Data below:

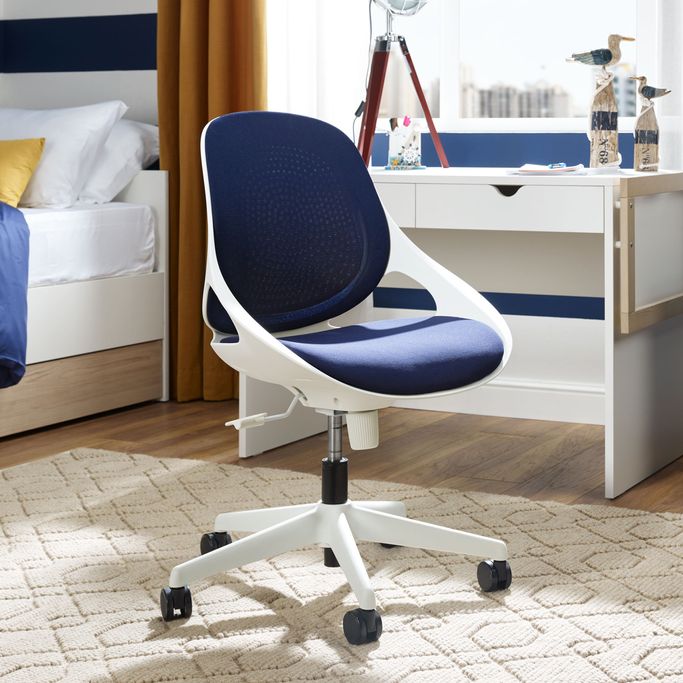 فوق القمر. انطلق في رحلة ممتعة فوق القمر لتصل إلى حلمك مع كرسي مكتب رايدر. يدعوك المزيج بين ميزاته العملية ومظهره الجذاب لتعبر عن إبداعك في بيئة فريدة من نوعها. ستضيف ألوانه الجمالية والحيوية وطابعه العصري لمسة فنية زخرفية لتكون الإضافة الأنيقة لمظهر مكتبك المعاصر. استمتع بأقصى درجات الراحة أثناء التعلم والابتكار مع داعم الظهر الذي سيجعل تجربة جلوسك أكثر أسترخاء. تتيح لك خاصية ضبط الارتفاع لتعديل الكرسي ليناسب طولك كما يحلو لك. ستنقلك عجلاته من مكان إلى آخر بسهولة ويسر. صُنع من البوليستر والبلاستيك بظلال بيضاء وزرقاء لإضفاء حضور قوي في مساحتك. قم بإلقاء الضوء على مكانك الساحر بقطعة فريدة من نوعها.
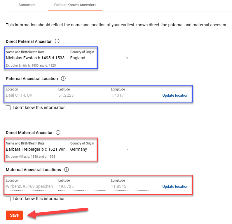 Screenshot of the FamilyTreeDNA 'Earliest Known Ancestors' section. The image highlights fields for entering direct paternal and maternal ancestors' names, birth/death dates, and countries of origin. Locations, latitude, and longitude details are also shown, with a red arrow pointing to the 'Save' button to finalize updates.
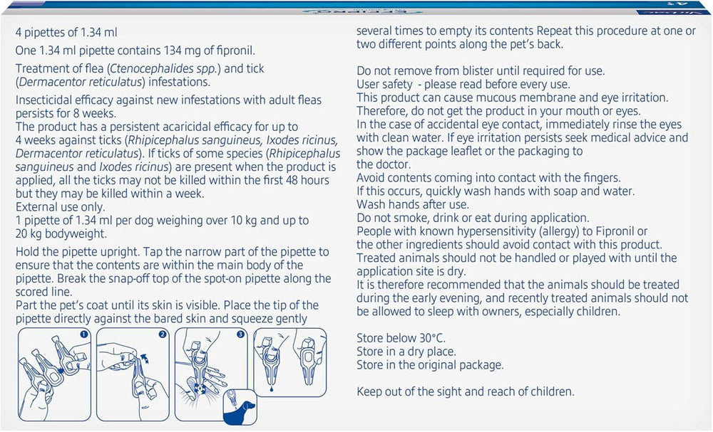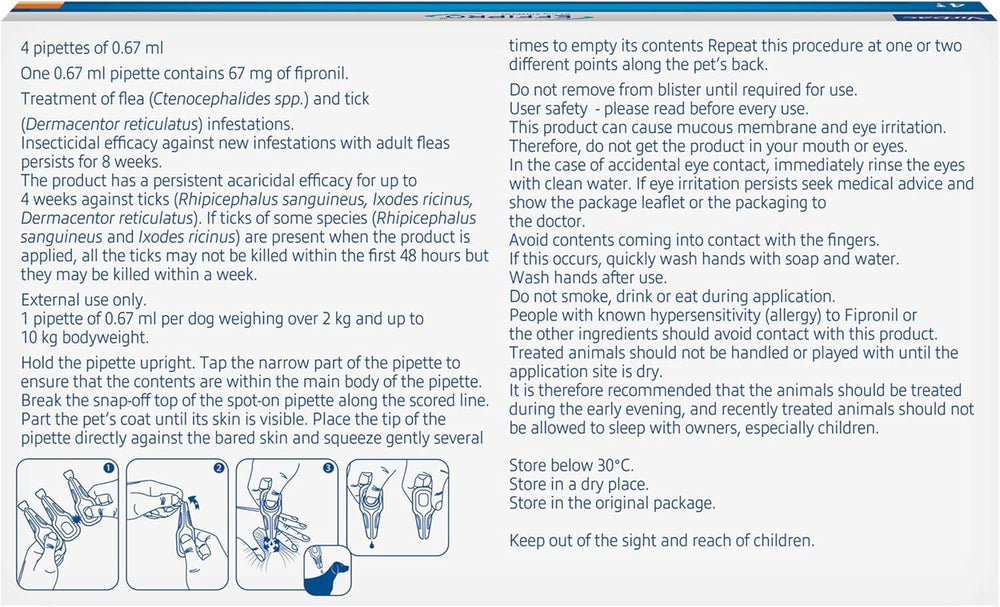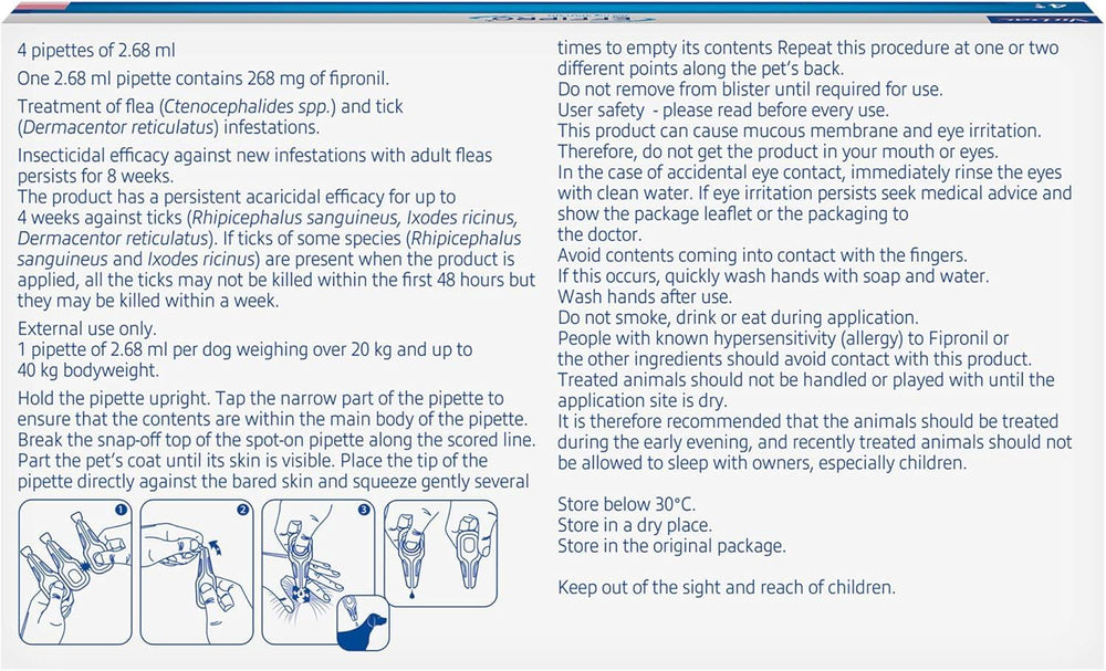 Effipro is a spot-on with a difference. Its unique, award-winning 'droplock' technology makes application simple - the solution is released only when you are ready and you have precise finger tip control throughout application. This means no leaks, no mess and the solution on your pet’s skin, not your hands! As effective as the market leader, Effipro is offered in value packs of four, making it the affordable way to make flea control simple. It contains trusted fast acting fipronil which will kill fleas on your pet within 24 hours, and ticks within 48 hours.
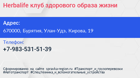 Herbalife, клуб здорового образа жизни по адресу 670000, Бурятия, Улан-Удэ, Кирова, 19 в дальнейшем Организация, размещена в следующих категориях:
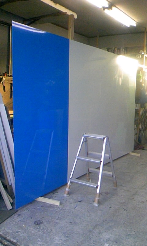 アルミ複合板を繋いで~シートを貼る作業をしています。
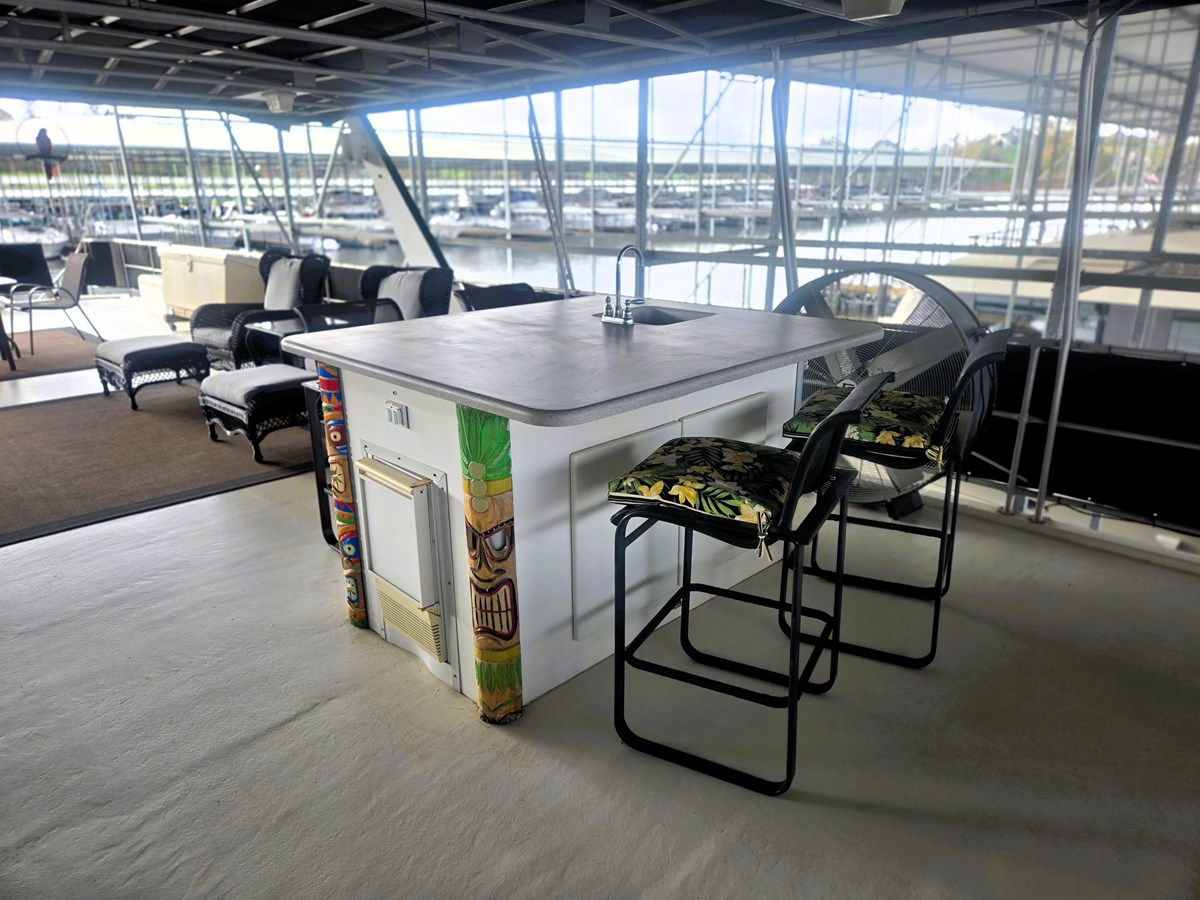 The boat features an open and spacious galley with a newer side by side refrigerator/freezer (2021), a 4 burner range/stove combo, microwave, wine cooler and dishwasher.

End of Data.

**Assignment**
All that belongs in the answer is the lines from the line with "Effipro is a" through the closing line of the entries, inclusive, transcribed exactly and free of pictures.

**Response to the task**
 Effipro is a spot-on with a difference. Its unique, award-winning 'droplock' technology makes application simple - the solution is released only when you are ready and you have precise finger tip control throughout application. This means no leaks, no mess and the solution on your pet’s skin, not your hands! As effective as the market leader, Effipro is offered in value packs of four, making it the affordable way to make flea control simple. It contains trusted fast acting fipronil which will kill fleas on your pet within 24 hours, and ticks within 48 hours.
 Herbalife, клуб здорового образа жизни по адресу 670000, Бурятия, Улан-Удэ, Кирова, 19 в дальнейшем Организация, размещена в следующих категориях:
 アルミ複合板を繋いで~シートを貼る作業をしています。
 The boat features an open and spacious galley with a newer side by side refrigerator/freezer (2021), a 4 burner range/stove combo, microwave, wine cooler and dishwasher.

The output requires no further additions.